I professori mi guardavano come se fossi una feccia, un quacosa che doveva sparire.
Mi sentivo male in quella classe, tutti gli sguardi addosso.
Mi venne un attacco di panico e scappai in bagno a vomitare per la tensione.
Di certo un reinzio interessante no?
Kirishima venne subito a controllare e mi fece sentire meglio la sua presenza.
Mi accoccolai nell'incavo nel suo collo, sentendo tutto il suo calore.
Ero appena tornato a scuola e già avevo pianto e vomitato. Finii la giornata di scuola in classe ma all'ultimo banco, da solo pur rimanere calmo. Alla mensa mi sedetti vicino a kirishima ma... c'era anche kacchan. Mi urlò contro subito e kirishima mi fece stare calmo tenendomi la mano. Guardai Shouto da lontano, facendomi notare da tutti. "FROCIO!" urlò kacchan. Kirishima prese le mie difese, ma non ricordo come. Tornai a casa da solo prendendo il mio fratellino.

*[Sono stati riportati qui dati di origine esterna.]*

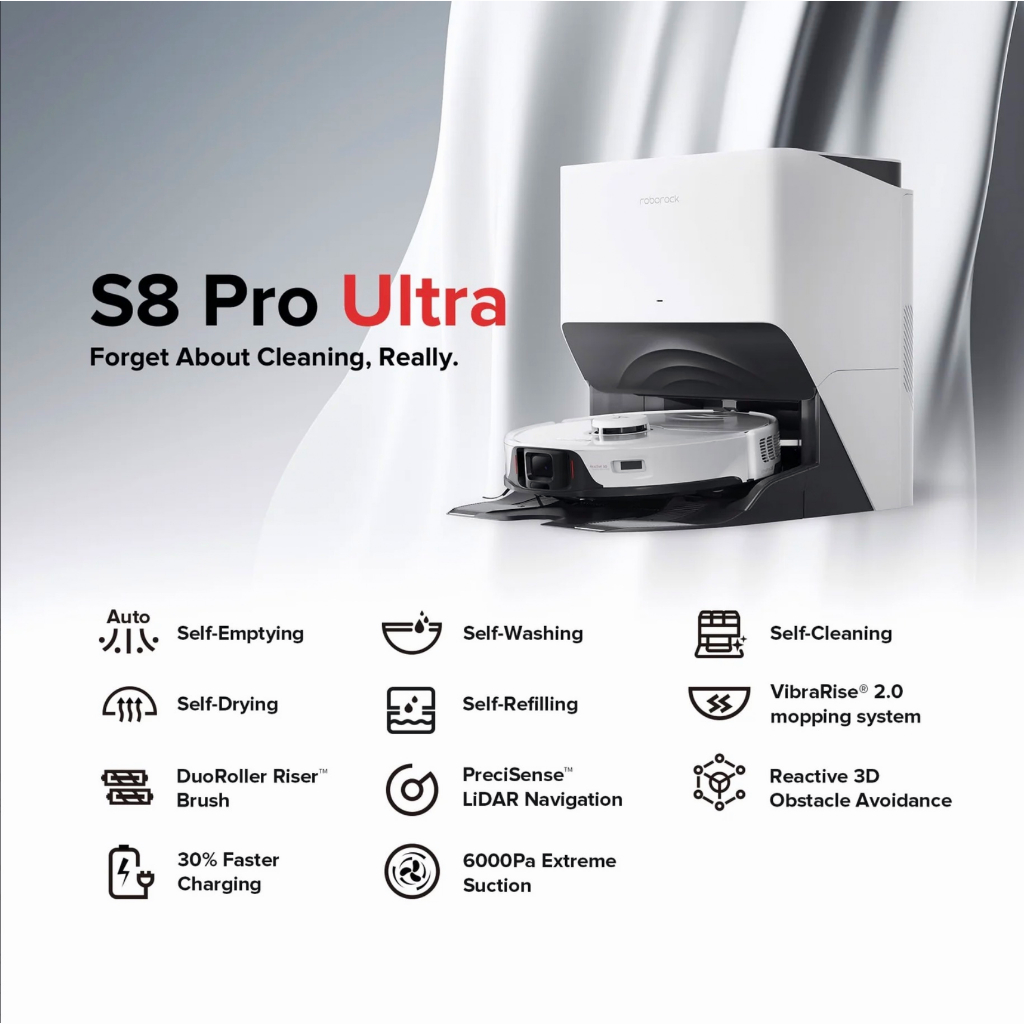 [NEW] Roborock S8 PRO ULTRA Self Drying + Empty Wash Fill 6000Pa HyperSuction Dual Roller Brush Ultrasonic Mopping 3D AI
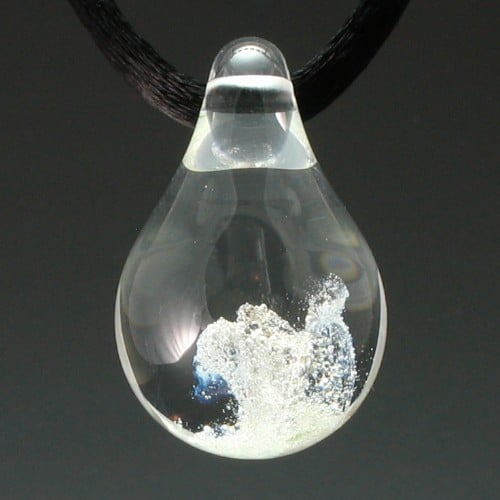 The Nimbus Crystal Pendant is a deeply emotional and spiritual keepsake. Each teardrop is handcrafted by a skilled North American Blown Glass Artist, encapsulating a small amount of your loved one's ashes.
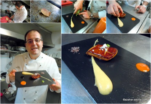 Here’s Chef Eneko at Vineria San Telmo preparing grilled foie gras for Pat.
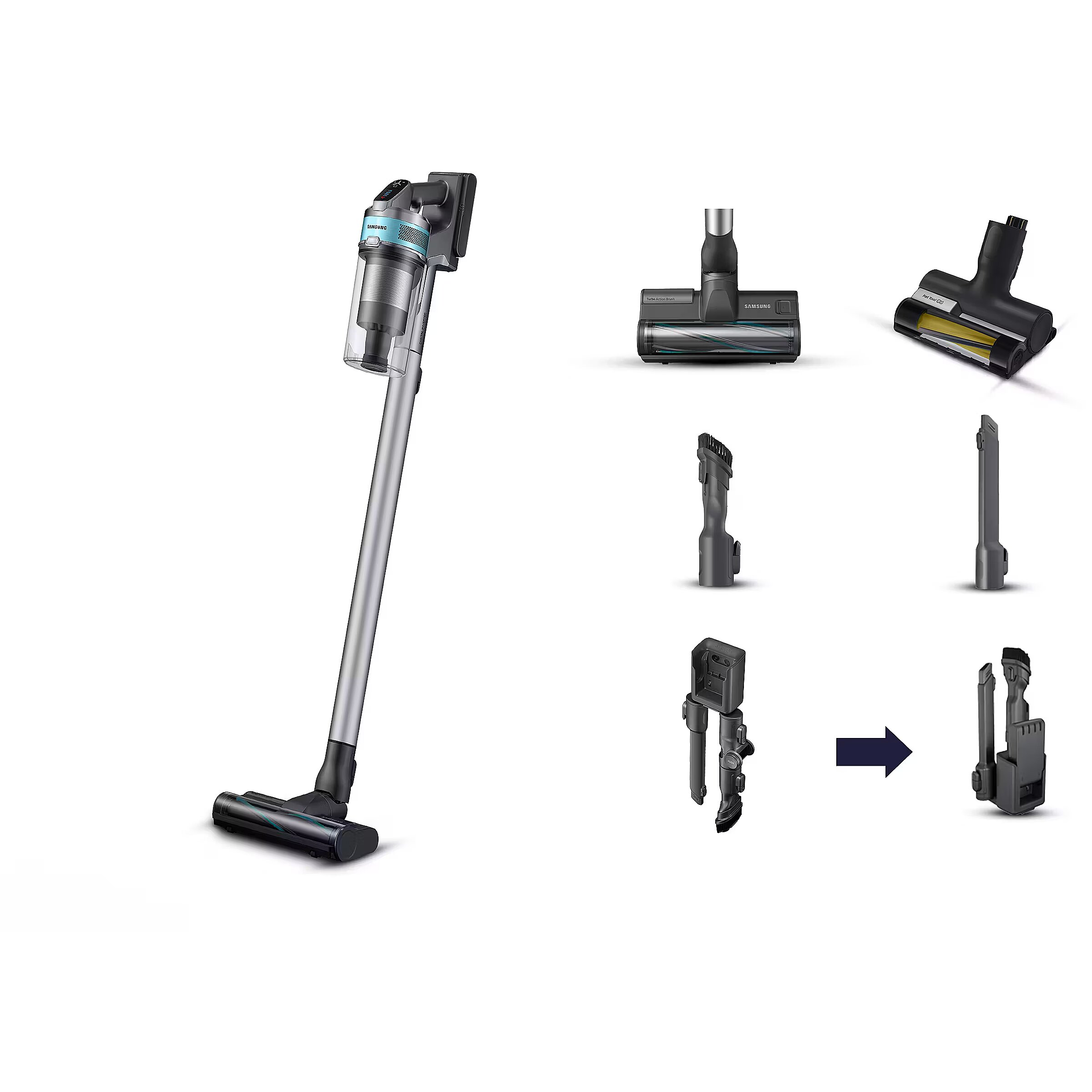 LongSummaryDescription - Samsung VS20B75AGR1. Product type: 2-in-1 stick vacuum, Dust container type: Bagless, Product colour: Black, Mint colour. Cleaning type: Dry, Dirt separating method: Multi cyclonic, Cleaning surfaces: Carpet, Hard floor. Power source: Battery, Maximum input power: 550 W, Motor power: 200 W. Package width: 214 mm, Package depth: 265 mm, Package height: 757 mm. Width: 250 mm, Depth: 215 mm, Height: 1130 mm
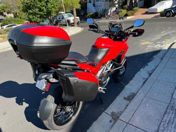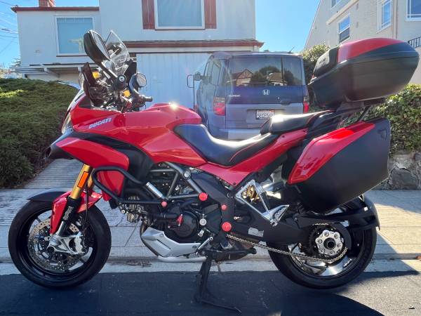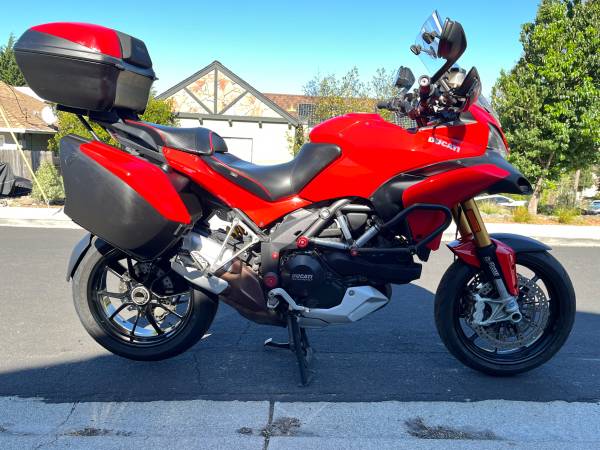 2011 Multi 1200S Touring. $2K desmo service (valve adjust, belts, & the rest) just done at Marin Speed. XTRAS: ft. ABS protector; Seal Savers; Cox radiator & oil cooler protectors; stock and touring screens w/Vario Lip; CNC Racing frame plugs, screen nuts, ft. & rear axle nuts; heavier Olins ft. fork springs; Pro Taper bar; K&N air filter; crash bars; Shorai Li-on battery; CNC Racing water pump protector; chain, rear sprocket, carrier nuts; Sargent heated seat; panniers & top box.
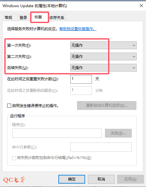 在恢复标签页中,将失败的后续操作设置为 “无操作”
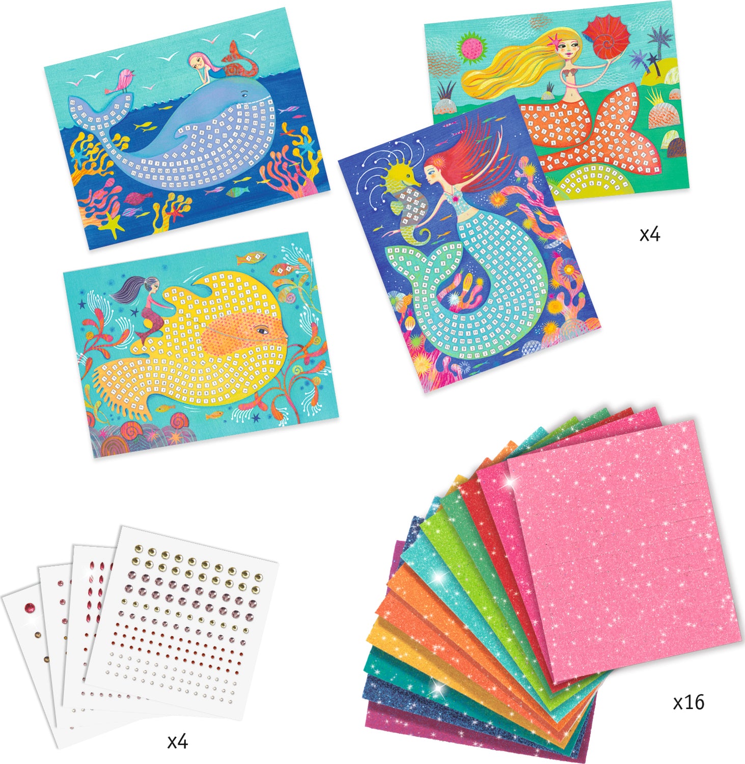 A beginners’ mosaic kit. There are 4 designs to complete with little glittery foam squares and rhinestone stickers. Children look for the numbers, then stick the pieces onto the right places on the board. As the boards are covered in decorations the merm
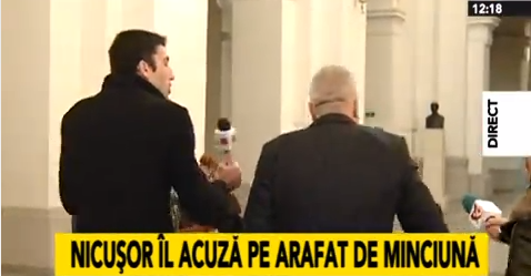 Jurnalistul nu i-a răspuns, s-a întors cu spatele şi a început să vorbească la telefon probabil cu şefii săi. Ulterior, baronul a plecat în trombă de la locul declaraţiilor, iar reporterul s-a ţinut cu microfonul după el încercând să-i smulgă o declaraţie, relatează reportervirtual.ro
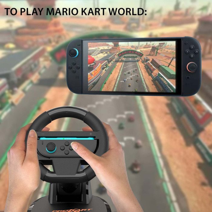 Un volant conçu pour les consoles Nintendo Switch Prenez le contrôle comme jamais auparavant avec le volant Switch 2, spécialement conçu pour la Nintendo Switch et la Switch 2. Conçu pour offrir une immersion totale, le Pro Kart Racer propose : Rotation fluide à 180° : 90° à gauche, 90° à droite, pour des virages précis et dynamiques. Volant démontable et stand pliable : facile à ranger, facile à emporter. Gâchettes arrière ergonomiques : pour un meilleur contrôle dans les moments les plus intenses de la course. Fixation stable : 4 ventouses haute résistance pour une adhérence parfaite sur toutes les surfaces planes. Confort et ergonomie : meilleure prise en main qu’un Joy-Con seul. L’accessoire indispensable pour jouer à Mario Kart World Profitez pleinement dans la course comme si vous y étiez sur Mario Kart World, Mario Kart 8 Deluxe et tous les jeux de course compatibles avec le gyroscope. Jouez en duo avec seulement une paire de Joy-Con ! Installez-le en quelques secondes : fixez la base, dépliez la colonne, clipsez votre Joy-Con et c’est parti ! Compatible Switch & Switch 2 : fonctionne avec les Joy-Con classiques et les Joy-Con 2 (non inclus). Adapté aux enfants comme aux adultes : design sport et prise en main universelle. Développé pour une expérience de conduite réaliste et intuitive sur tous vos jeux de kart préférés.

Mangiai poco, come tutti i giorni e ricevetti una chiamata da shouto. Voleva parlarmi e mi fece scendere sotto casa. Eravamo tutti e due senza parole,gli dissi un semplice "scusa" lasciandolo con tantissime domande. L'avevano sempre fatto con me, perché io non posso? Vidi mia madre dalla finestra farmi dei gesti,era spaventata. C'era qualcosa che la spaventava. Nel giro di 10 secondi ero a terra, sopra Shouto con un uomo davanti. Non lo conoscevo e non volevo conoscerlo, neanche rivederlo. Mi apostrofò con "Bastardo", non era il primo a farlo. Chiesi un flebile "perché" con una risposta secca "tu sei figlio di un altro."
Da quella risposta capii che era qualcuno che conosceva bene mia madre, a tal punto da intimorirla. Shouto mi reggeva da dietro,per non abbandonarmi. Aveva sbattuto contro un albero,però non si muoveva, pur di Non farmi male. Un rametto nella gamba avevo. Siciliano tattico
La polizia arrivò dopo poco e lo addormentarono all'istante, era parecchio pericoloso a quanto pareva. All might era lì a guardarci, ma durò pochi secondi. Ci portarono nel primo ospedale, lasciando lui e mia madre a parlare. O almeno, gesticolare senza risposta.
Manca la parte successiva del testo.